WORK REQUEST. Using the listing below, output only the lines from the one that contains "в градирнях (башнях" through the one that contains "第四步:系統(tǒng)會彈", inclusive, exactly as given and without images.

DATA PROVIDED.

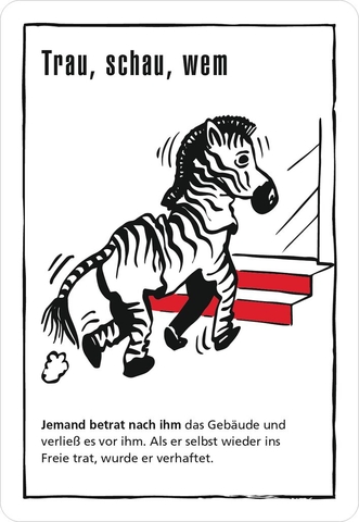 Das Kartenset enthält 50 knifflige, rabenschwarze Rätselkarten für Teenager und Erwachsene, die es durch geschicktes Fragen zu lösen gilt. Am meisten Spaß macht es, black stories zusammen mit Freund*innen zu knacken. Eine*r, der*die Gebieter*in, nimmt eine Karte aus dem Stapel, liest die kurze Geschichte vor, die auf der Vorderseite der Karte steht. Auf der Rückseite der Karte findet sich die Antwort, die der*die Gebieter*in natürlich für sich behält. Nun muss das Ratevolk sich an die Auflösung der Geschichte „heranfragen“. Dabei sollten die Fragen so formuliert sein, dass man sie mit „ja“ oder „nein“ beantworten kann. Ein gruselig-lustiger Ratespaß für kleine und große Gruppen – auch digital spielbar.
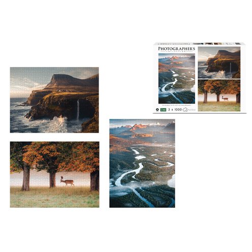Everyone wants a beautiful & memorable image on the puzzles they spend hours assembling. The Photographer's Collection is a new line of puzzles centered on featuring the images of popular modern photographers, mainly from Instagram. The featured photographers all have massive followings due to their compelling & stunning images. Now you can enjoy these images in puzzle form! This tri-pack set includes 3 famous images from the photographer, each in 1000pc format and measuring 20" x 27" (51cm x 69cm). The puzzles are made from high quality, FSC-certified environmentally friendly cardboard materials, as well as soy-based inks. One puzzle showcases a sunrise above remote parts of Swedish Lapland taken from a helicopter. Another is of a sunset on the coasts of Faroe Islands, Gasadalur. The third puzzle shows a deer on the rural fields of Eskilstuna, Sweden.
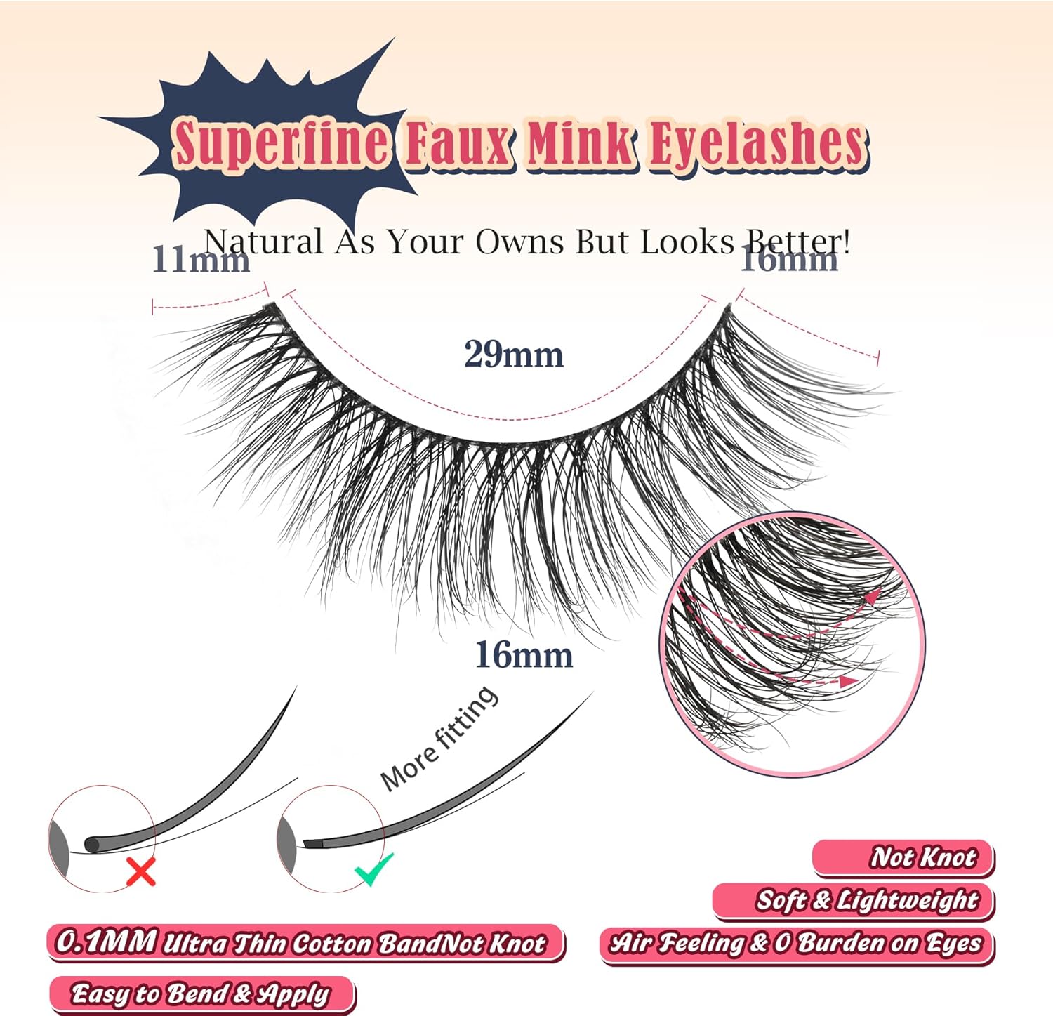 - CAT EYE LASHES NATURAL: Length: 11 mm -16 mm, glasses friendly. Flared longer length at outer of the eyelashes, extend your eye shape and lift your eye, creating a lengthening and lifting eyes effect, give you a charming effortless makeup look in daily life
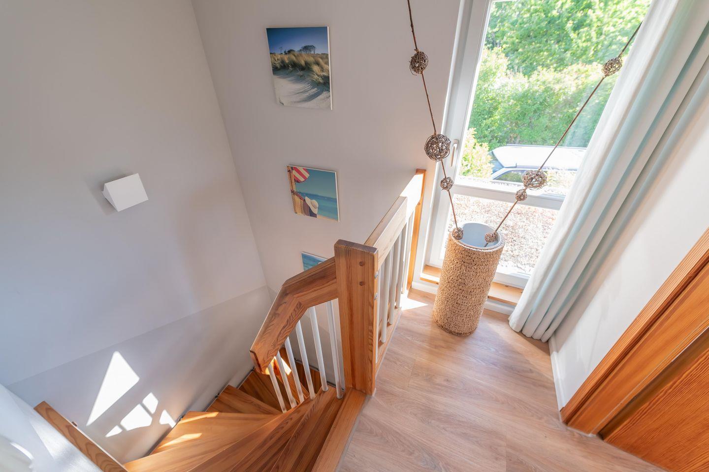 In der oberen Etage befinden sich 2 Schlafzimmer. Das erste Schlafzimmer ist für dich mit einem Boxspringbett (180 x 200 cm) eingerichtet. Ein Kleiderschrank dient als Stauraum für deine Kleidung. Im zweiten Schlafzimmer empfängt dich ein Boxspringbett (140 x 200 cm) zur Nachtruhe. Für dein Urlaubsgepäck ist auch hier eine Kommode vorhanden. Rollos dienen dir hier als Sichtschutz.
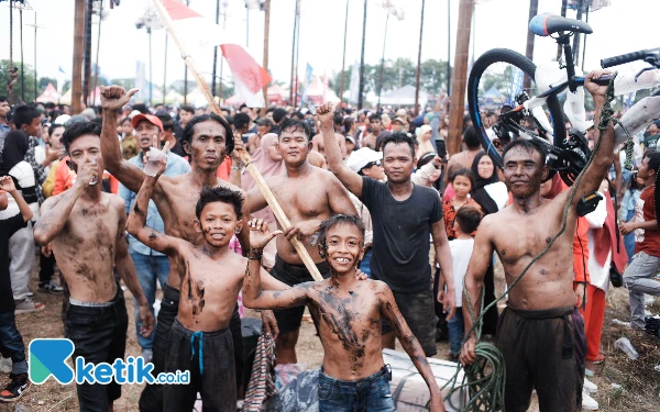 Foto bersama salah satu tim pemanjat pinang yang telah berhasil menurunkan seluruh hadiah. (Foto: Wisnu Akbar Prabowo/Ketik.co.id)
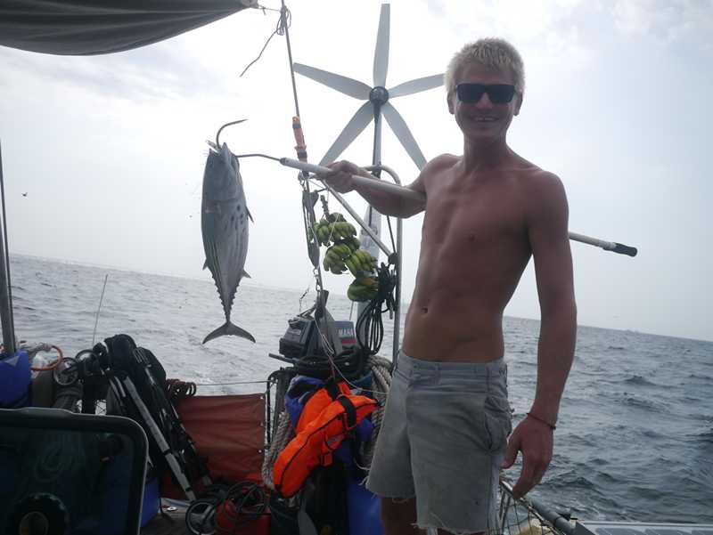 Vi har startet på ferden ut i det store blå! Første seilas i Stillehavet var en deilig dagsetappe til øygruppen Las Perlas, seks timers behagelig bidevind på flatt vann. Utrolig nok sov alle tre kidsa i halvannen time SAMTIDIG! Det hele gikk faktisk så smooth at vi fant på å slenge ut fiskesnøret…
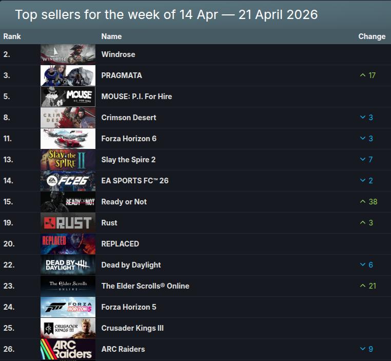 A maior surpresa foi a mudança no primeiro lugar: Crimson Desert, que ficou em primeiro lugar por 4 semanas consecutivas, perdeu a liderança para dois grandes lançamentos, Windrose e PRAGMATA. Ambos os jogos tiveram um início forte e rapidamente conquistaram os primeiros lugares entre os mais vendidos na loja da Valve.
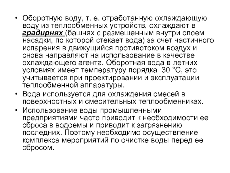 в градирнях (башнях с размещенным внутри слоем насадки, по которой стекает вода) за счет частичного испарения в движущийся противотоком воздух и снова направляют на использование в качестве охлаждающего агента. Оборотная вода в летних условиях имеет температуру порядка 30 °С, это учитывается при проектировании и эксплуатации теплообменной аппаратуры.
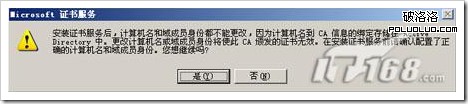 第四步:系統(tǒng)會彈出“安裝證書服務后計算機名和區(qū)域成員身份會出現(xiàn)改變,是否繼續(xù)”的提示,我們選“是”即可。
...
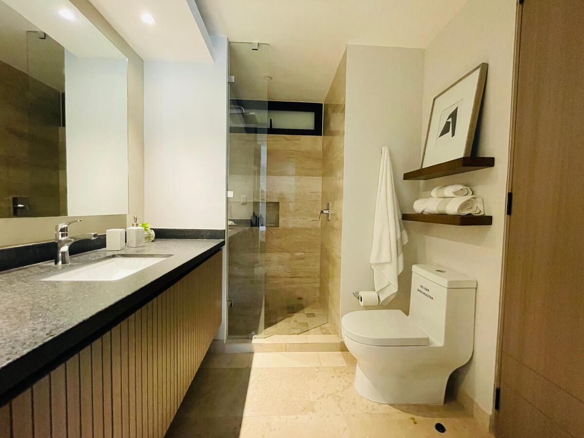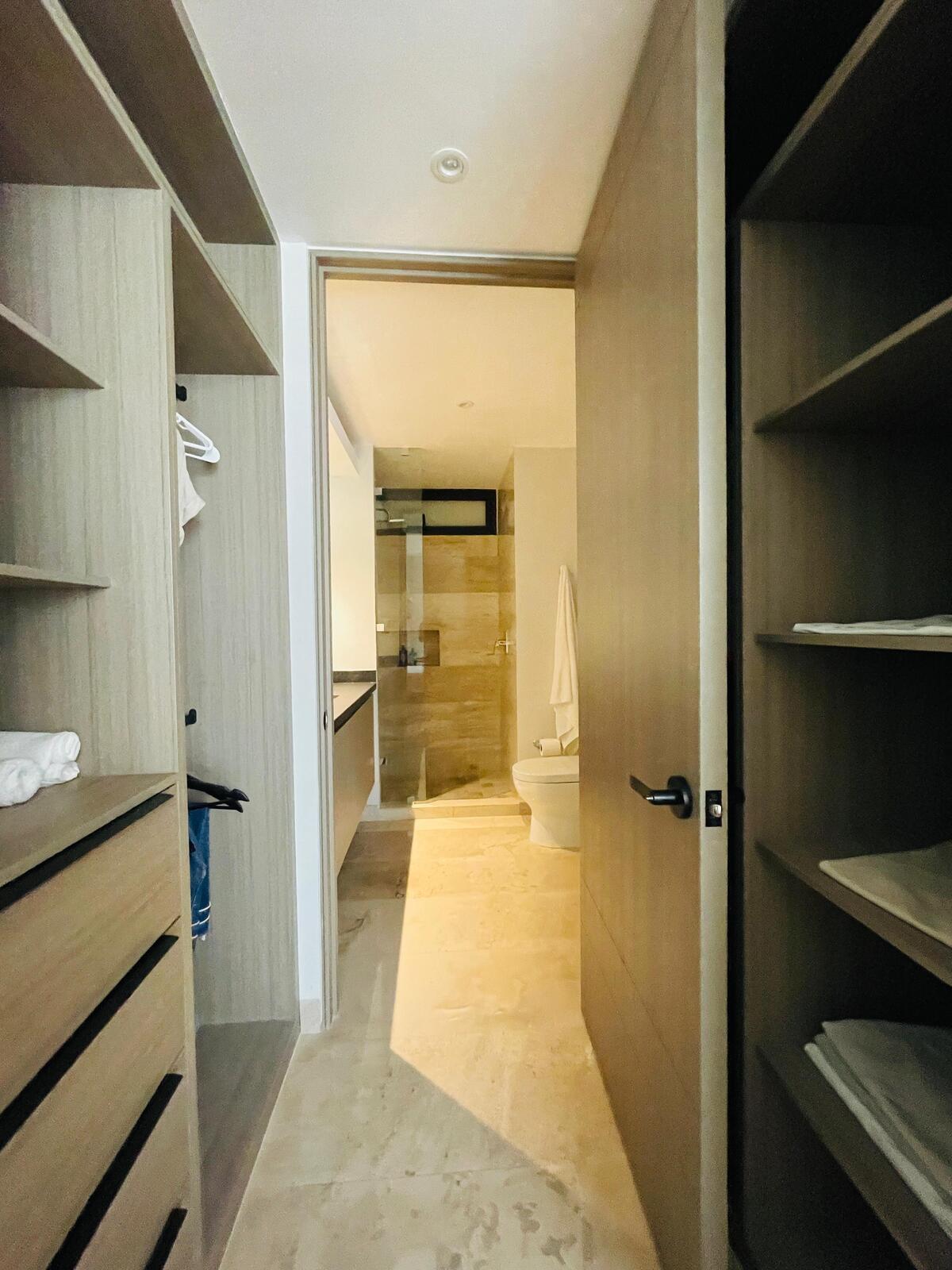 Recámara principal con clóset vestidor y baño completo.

ANSWER TO THIS TASK.
 в градирнях (башнях с размещенным внутри слоем насадки, по которой стекает вода) за счет частичного испарения в движущийся противотоком воздух и снова направляют на использование в качестве охлаждающего агента. Оборотная вода в летних условиях имеет температуру порядка 30 °С, это учитывается при проектировании и эксплуатации теплообменной аппаратуры.
 第四步:系統(tǒng)會彈出“安裝證書服務后計算機名和區(qū)域成員身份會出現(xiàn)改變,是否繼續(xù)”的提示,我們選“是”即可。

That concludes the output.